Sunday, September 03, 2006

Space: an Analogy of the Trinity

The Trinity can be a difficult 'subject' to explain. The following example, I believe is the best one that I have come across. It is from the book, "Trinity and Triunity: Salvation and Nature of the Godhead;" by E. Charles Heinze; pp. 6-7. Let me know what you think:

An acceptable analogy may be found in the “illustration of the Trinity in infinite space with its three dimensions.”[1] This concept of space has been expounded at length and with great clarity by Nathan Wood and is worth examining in detail.[2]

Consider a volume of space in the form of a cube. If we drew a line from the front lower right corner to the front upper corner, we could say that this line denotes height. The dimension called height describes not only the edges but an infinite number of vertical measurements throughout the cube. No part of the cube is exempt from being described by height. The space of the cube is, in its entirety, described by height, so that all of the space is included in height.

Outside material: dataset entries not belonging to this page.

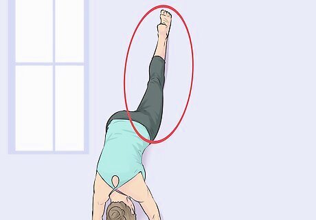 Inhale and walk your right leg up the wall. As you breathe in, press your back leg up higher. You may try resting your right foot gently on the wall to help in maintaining your balance. Try to straighten your standing leg as much as possible. Rest the top of your extended foot against the wall. If it’s possible, carefully walk your left leg back toward the wall so that your right leg is pressed closer to the wall.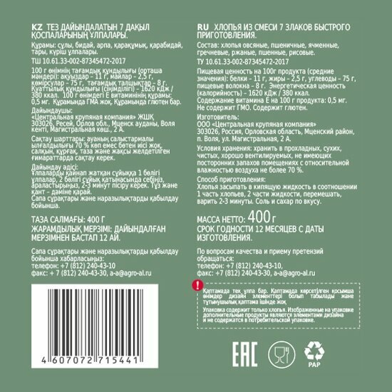 | Состав | хлопья овсяные, пшеничные, ячменные, гречневые, ржаные, пшенные, рисовые |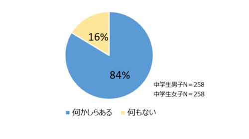 「肌悩みはあるか?」という設問に対し、8割超の中学生男女(男子:81%、女子:86%)が「何かしらある」と回答しました。なお、高校生男女では9割超が「何かしらある」と回答しています。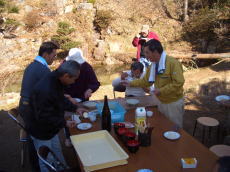 何度か書きましたが日吉・深沢の地は盆地なので放射冷却によって周辺より気温が下がります。(24日、前日より餅つきの仕込みにいかれた方は零下の体験をされ、夜中に寒くて起されたと言っておられました。25日の夜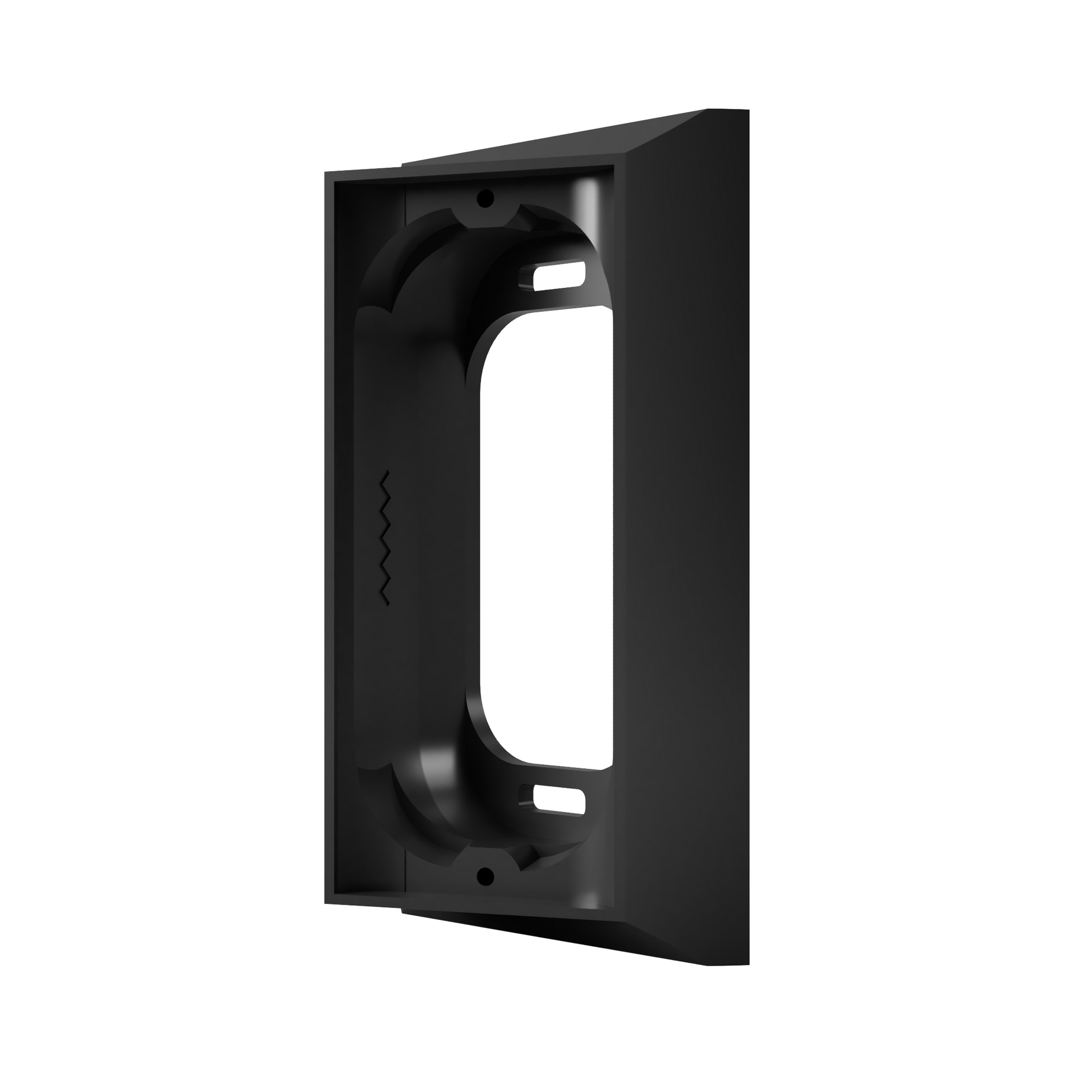 Replace a mismatched or oversized wall opening with a clean, finished look — and aim the camera toward your entry path. This 25° angled wall plate adapter by Hidden River Lab is made specifically for the Ring Wired Doorbell Pro (2nd Gen) (formerly commonly referred to as Ring Doorbell Pro 2). It provides a neat mounting interface on flat surfaces and adds a built-in 25° horizontal side angle to improve camera framing.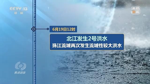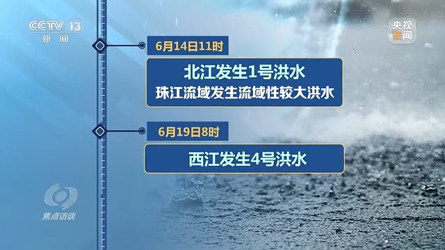 6月14日11时,北江发生1号洪水,珠江流域发生流域性较大洪水;6月19日8时,西江发生4号洪水;
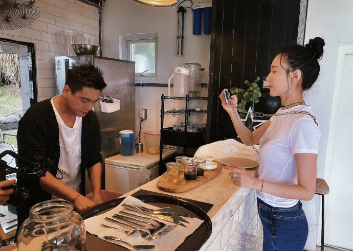 朱孝天也是好男人一枚,化身小厨男做饭,妻子则在一旁录制视频。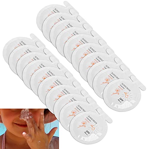 Sunscreen 20 Bags Mini Circle Bulk: 20 bags of sunscreen are available for use, individually packaged, safe and hygienic, perfect for travel use. These convenient travel size sunscreens make it easy to take them anywhere.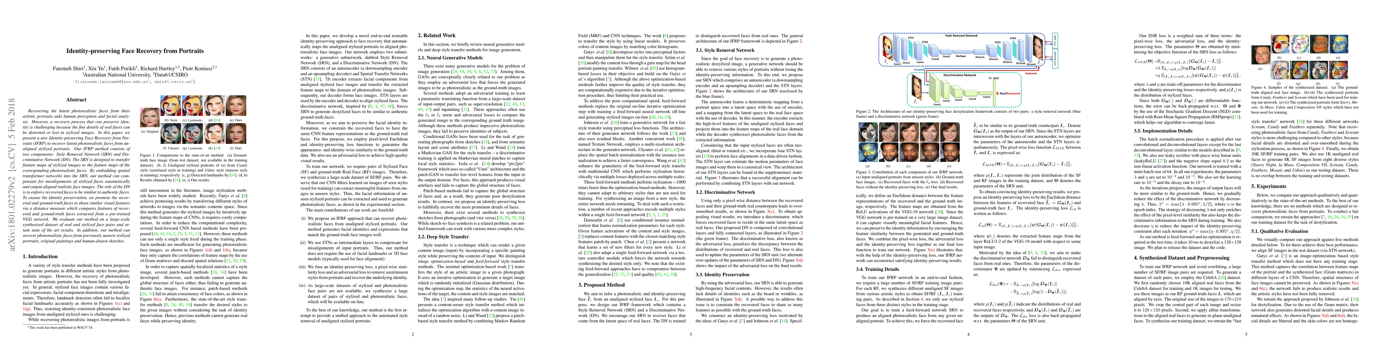 This paper introduces a new Identity-preserving Face Recovery from Portraits (IFRP) method to retrieve latent photorealistic faces from stylized portraits, preserving identity despite distortions. The method uses a Style Removal Network (SRN) and a Discriminative Network (DN) to align and enforce similarity to authentic faces, achieving state-of-the-art results on a synthesized dataset.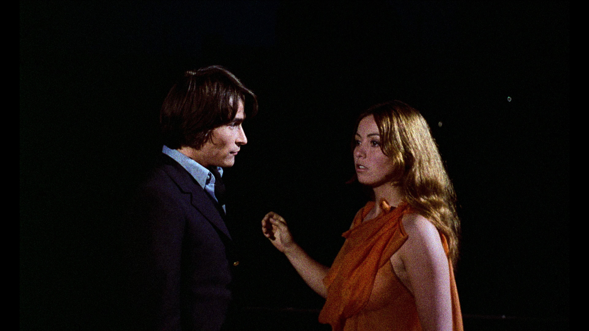 A new audio commentary by the always engaging Kevin Lyons and Jonathan Rigby takes you through the peculiar landscape of Rollin's cinema and touches on his manipulation of vampire, pulp novel, and comic art tropes, the transition in Euro vampire cinema taking place that would reach fruition in the more sexually liberated 1970s, comparisons to Rollin's prior feature, the reception by the French press, and the ideas established here that would blossom in his later work. Video extras here include a slight polish of the '98 Rollin intro (5m26s), an updated revision of the "Journey" featurette by Rollin assistant Daniel Gouyette as "Le Passage" (8m54s) with Natalie Perrey, Jean-Noël Delamarre, and Jean-Pierre Bouyxou, and a streamlining of the "Memories" featurette here as "Fragment d'un dialogue" (19m23s) collecting Rollin interview highlights with Gouyette from a five-year period up to 2003. New here are "An Anarchist Vampire in Paris" (5m26s), with archivist Lucas Balbo explaining how his father's friendship with Rollin and their association with the Fédération Anarchiste provided an unusual gateway to these films, and "Countercultural Gothic" (10m2s) with the always insightful Virginie Sélavy parsing out the film's place within the uniquely French strain of the hippie movement and its aesthetic ties to what was going on in pop culture. Also included are the French and English trailers, plus hefty galleries for promotional and publicity material (104 images), behind the scenes (59 images), and additional photography (46 images). The limited edition package also comes with an 80-page book with a new essay by David Jenkins, an archival Rollin intro and interview highlights from 1973 and 1996, and a dive into Lettrist artist, filmmaker, and Rollin collaborator Maurice Lemaître.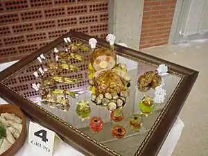 - Galantine de marcassin: carne de javali, trufas, presunto, toucinho, língua, ovos e pistácios.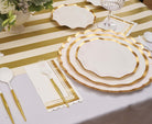 These scalloped-edge white bowls feature a stunning metallic gold trim and are the perfect touch of sophistication for any occasion. These bowls are both durable and disposable, allowing you to skip the dirty dishes, without sacrificing quality and style. Your guests will never believe they’re disposable!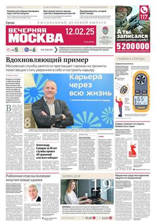 «Вечерняя Москва» — ежедневная российская вечерняя газета, старейшее из вечерних изданий в России, учрежденное в 1923 году. Выходит пять дней в неделю, кроме субботы и воскресенья. Отличается тем, что рассказывает о событиях еще не завершившегося дня. Оперативно освещает хронику и особенности жизни Москвы, охватывает все слои общества и большинство профессиональных и возрастных групп читателей.Издание представлено тремя выпусками – утренним ежедневным, вечерним (выходит три раза в неделю), еженедельным (выходит по четвергам).

Similarly, that property or dimension of space called width is also demonstrated to describe all of the space, and all of the space is found to be width. The third dimension, length, also describers all of the space, and the space is likewise three dimensional. This is the nature of space – all of space.

In applying these observations, we see that height is all of space, width is all of space, and length is all of space. Therefore, that space of which height is all is the very same space of which width is all and of which length is all. While each is all of space, space does not exist unless all three dimensions exist. For example, if there is no height then there is not space at all. It is not all three dimensions. Space really exists, and it exists in three dimensions – no more and no less.

In space we observe inherent and inseparable threeness sand oneness, plurality and unity, otherness and identity. Height clearly is not width; height is other than width. The same can be said respecting each of the dimensions with reference to the others. This is otherness. It is also true that each dimension contains all the same space as the others do. This is identity. The three dimensions are co-existent and co-equal.

[1] H.L. Geer, Baptist Review (July 1880), quoted in A.H. Strong, Systematic Theology, 11th ed. (Philadelphia: The Judson Press, 1947), p. 344.
[2] Nathan R, Wood, The Trinity n the Universe ( Grand Rapids: Kregel Publications, 1978).